4.2Youth demographic characteristics
When examining delivery of interventions by personal attributes (gender, age, and type of disability), no significant differences in career and work-based learning interventions were evident. Youth of different genders, ages, and disability types were the recipients of interventions in comparable numbers across all six types of career and work-based learning interventions. This is viewed as an encouraging finding as the observed results suggest that participants’ attributes alone did not influence whether or not program staff provided career and work-related interventions. Program staff appear to have delivered interventions focused upon employment and employment preparation independent of considerations linked to gender, age, and type of disability and may have devoted more attention to working with families to determine what types of interventions would be appropriate for participants based on needs or expectations.
4.3Parent employment status and education level
When examining career and work-based learning differences by parent or guardian employment status and education level, youth of parents who were unemployed and looking for work received fewer interventions focused upon volunteer work and unpaid work than parents or guardians with other employment statuses (employed, or unemployed and not looking for work). It is possible, but not certain, that the significant differences in volunteer and unpaid work experience interventions associated with parent employment status might be attributable to some extent to financial need. Parents or guardians who were unemployed and seeking work may have had a greater sense of financial urgency than parents or guardians who were employed or unemployed and not seeking work. It is possible that a heightened sense of financial need contributed to the lower number of unpaid and volunteer work interventions associated with youth of parents who indicated they were unemployed and seeking work.
It is also possible that concerns related to SSI benefits may have contributed to the findings that were observed. Parents or guardians who were unemployed and not seeking employment may have been more reliant on their youth’s monthly SSI payments than parents in other employment status categories. These monthly payments could be negatively impacted if the youth started to earn income and thus these families when engaging with CaPromise staff might have indicated a preference for unpaid or volunteer work experiences. The fear of losing Social Security benefits is well-documented in the literature as a disincentive to pursuing employment for individuals with disabilities (MacDonald-Wilson, Rogers, Ellison, & Lyass, 2003; Olney, Compton, Tucker, Emery-Flores, & Zuniga, 2014). This challenge reinforces the idea that benefits planning and education for both youth and parents or guardians is necessary to demystify the interaction between work, earnings and benefits, and to address perceived disincentives to employment and earnings. This type of intervention, if effective, could ultimately lead to diminished reliance on the youth’s SSI benefit by the family.

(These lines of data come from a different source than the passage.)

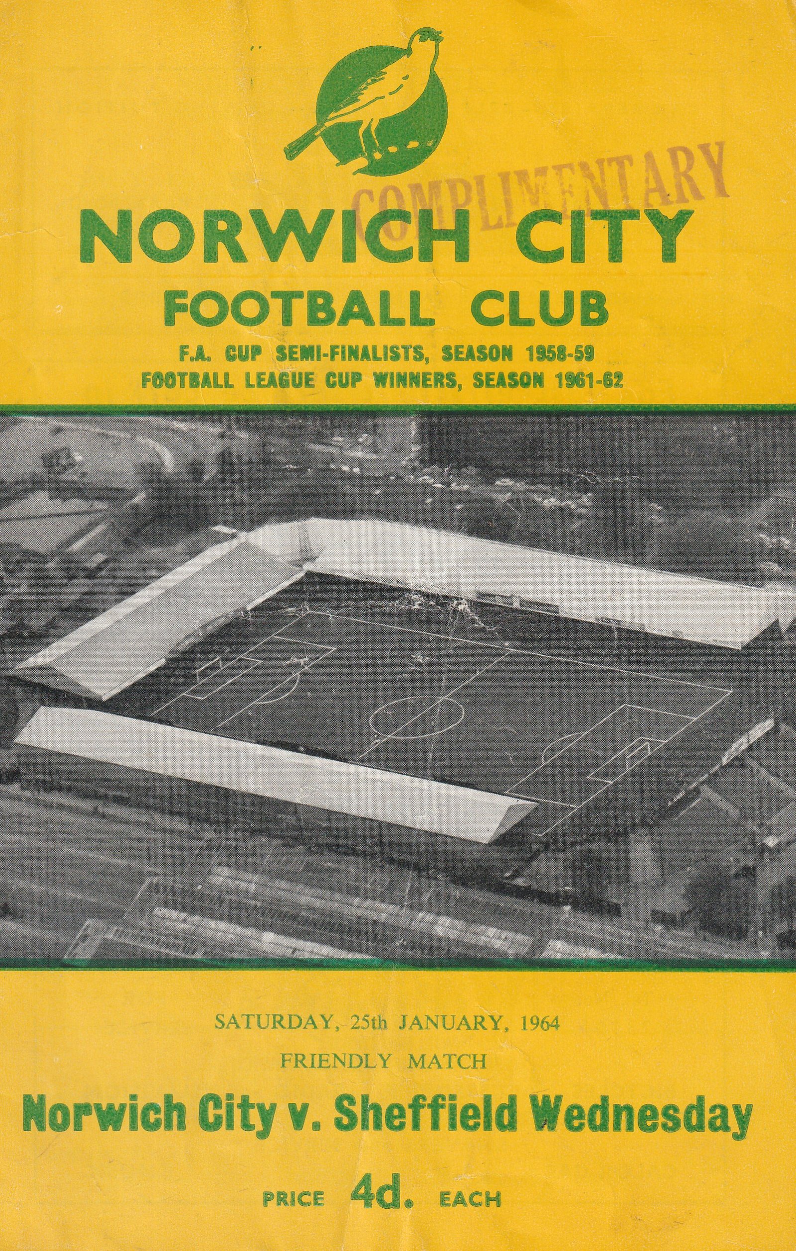 Match: Norwich City v Sheffield Wednesday Competition: Friendly Date: 25-Jan-1964 Comments: Rating: 3 Condition: Folds, light creases on back page Weight in grams: 100
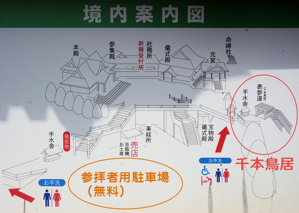 千本鳥居の周辺には駐車場がありません。そのため、車で参拝する場合は、本殿近くの参拝者用駐車場(無料)に停めるか、町内の有料駐車場を利用することになります。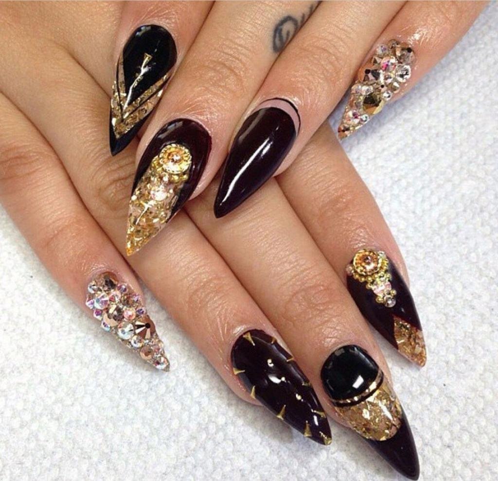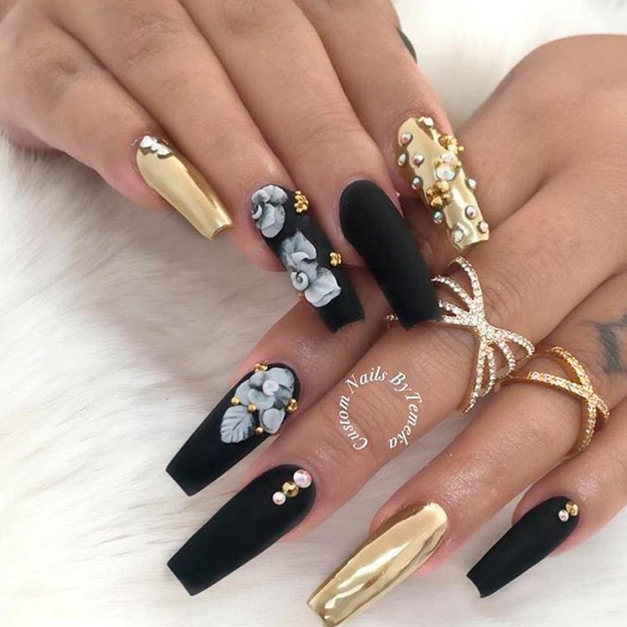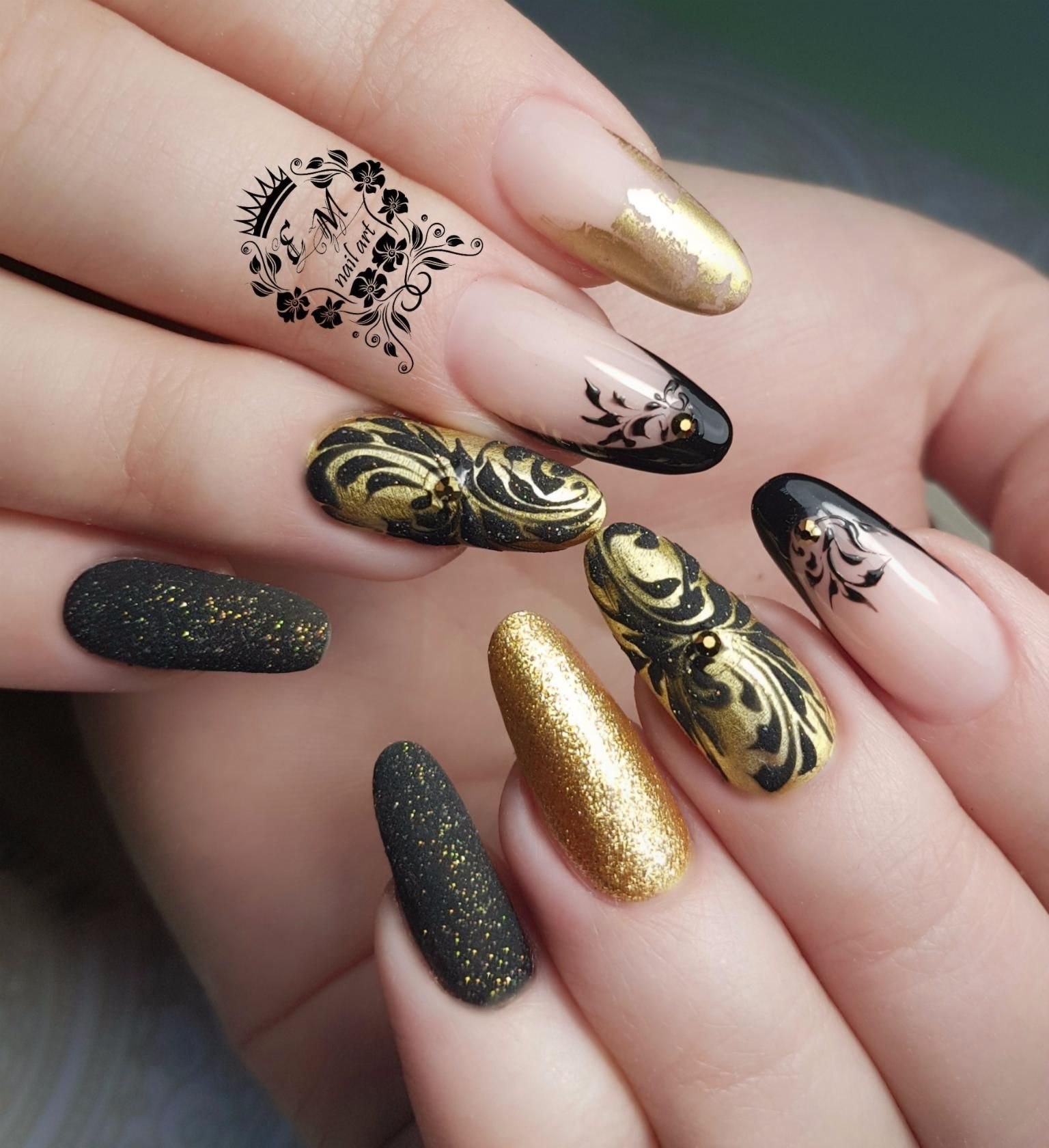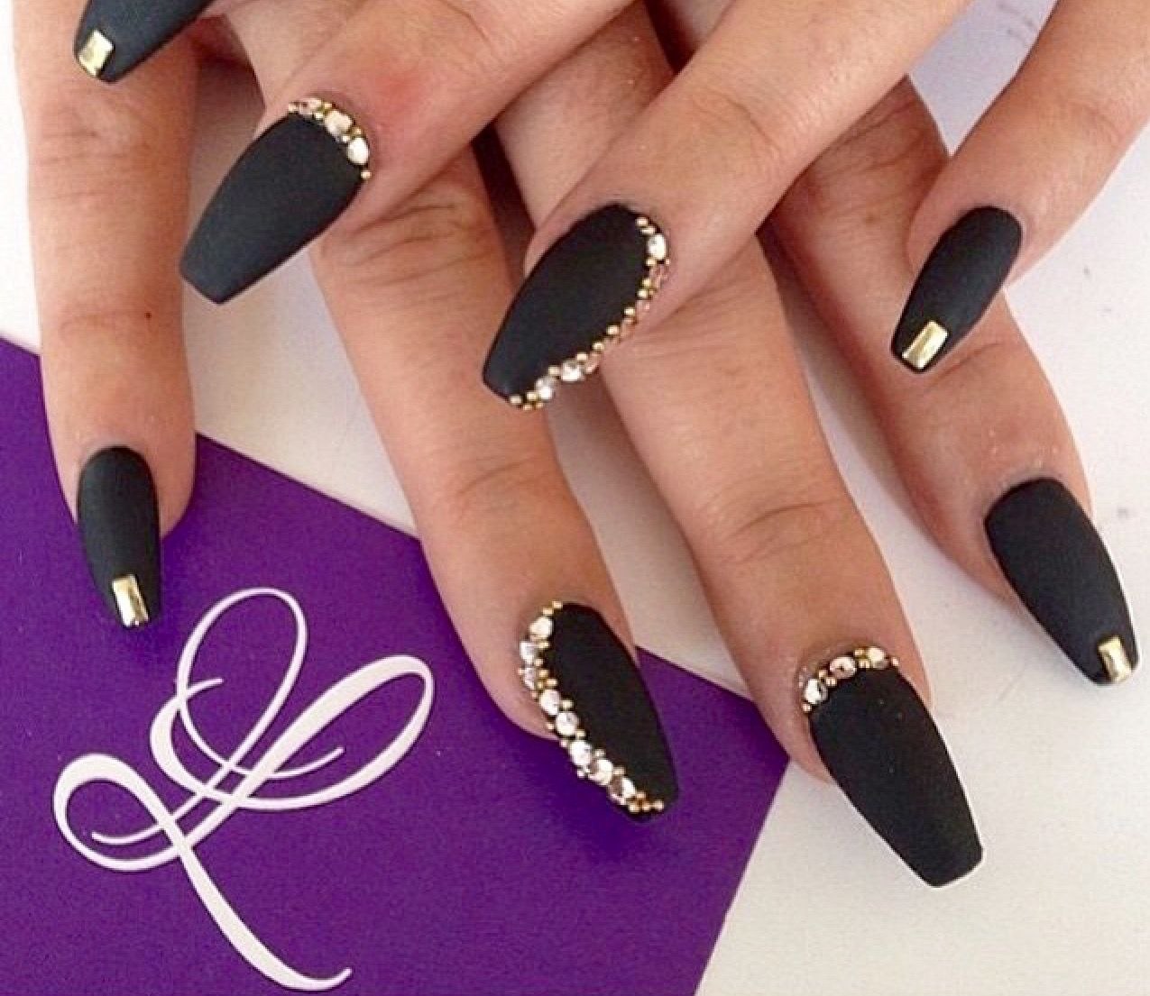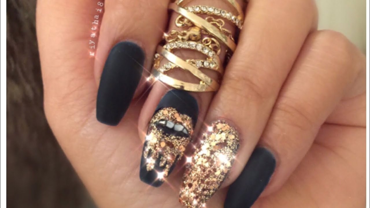 Маникюр дизайн ногтей черный с золотом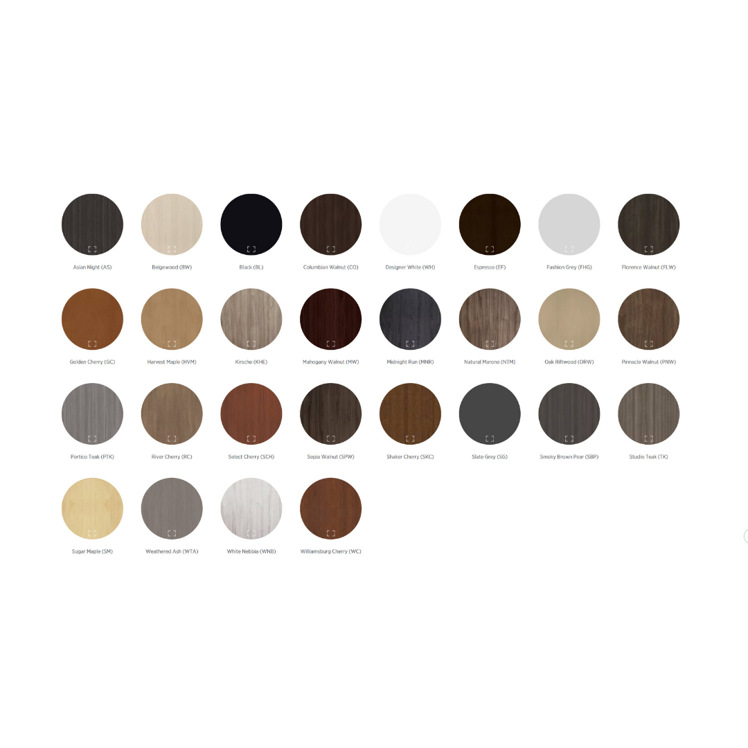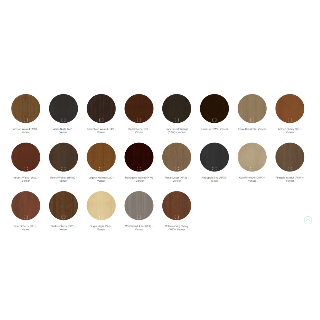 Tops: Veneer tops are 3/4” thick with veneer edge bands; made of select grade, sliced Black Walnut, Cherry, Maple, or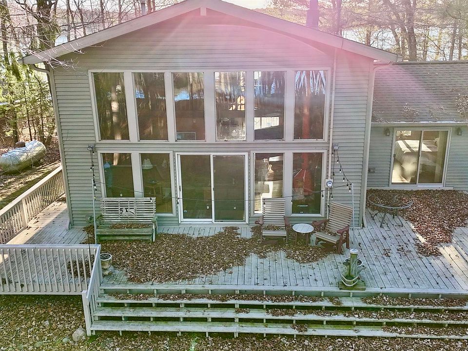 Sunrise, Sunrise...OH WAIT, Sunsets TOO? No matter where you are in this Legend Lake home, you have water views to two of the main lakes. Technically in a channel so you don't have the constant waves, yet so close to the main lakes that it's hard to call it a channel. Over 100' of water frontage on one side and endless views on the other side. A wall full of windows gives you constant natural light. A retro wood burning fireplace for those chilly nights inside and a firepit area for the chilly nights outside. Legend Lake has some of the cleanest water in the state and is a full rec 1304 acre lake with 8 lakes channeled together. Think there isn't anything to do on the lake in the winter? Get involved with our snowmobile club, our social events, our ice fishing and our Walk The Lake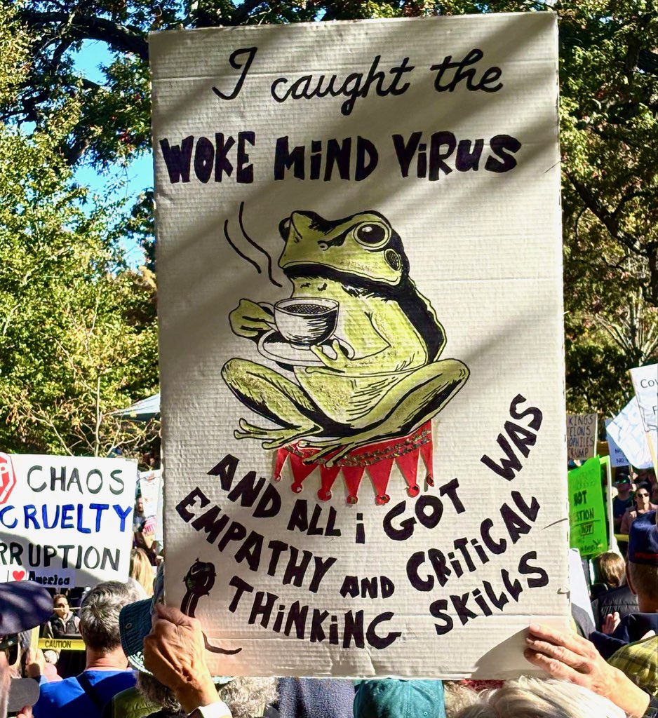 ON OCTOBER 18, 2025, 7 MILLION AMERICANS protested Trump 2.0’s autocracy. Yesterday, we concentrated on the absurdities of a government official saying “Who cares?,” of Trump himself posting a scatological video of his kingly response, and of the Secretary of what used to be called “Defense” exhibiting incredibly poor judgement in celebrating the 250th anniversary of the U.S. Marines.

When examining provision of interventions by parent/guardian’s highest level of education at enrollment, only one significant difference in career and work-based learning interventions was found across all comparisons. Youth of parents/guardians who did not graduate from high school received a significantly lower mean number of career-related training and education interventions than youth of parents/guardians with higher levels of education. With the exception of that one significant difference, youth with parents of varying levels of education were recipients of interventions in comparable numbers across all six types of career and work-based learning interventions.
4.4Youth and parent job and college expectations
A number of significant differences in provision of career and work-based learning interventions were evident by youth and parent/guardian expectations about the youth getting a job or attending college after high school. Youth who expected to attend college after high school were recipients of a significantly greater mean number of paid work experience interventions. Youth who indicated that they expected to get a job after completing high school received a significantly higher mean number of employment interventions. Youth of parents who expected their youth to get a job after completing high school received a significantly higher mean number of career-related training and education interventions. A significant interaction effect was observed between youth college expectation and youth job expectation for the dependent variable paid work experience interventions, indicating that the association between youth college expectation and paid work experience differed depending upon the youth’s job expectation. An additional significant interaction effect was also found between youth college expectation and parent college expectation for the same dependent variable, paid work experience interventions. The interaction effect suggests that the association between youth college expectation and paid work experience differed depending upon the parent’s college expectation.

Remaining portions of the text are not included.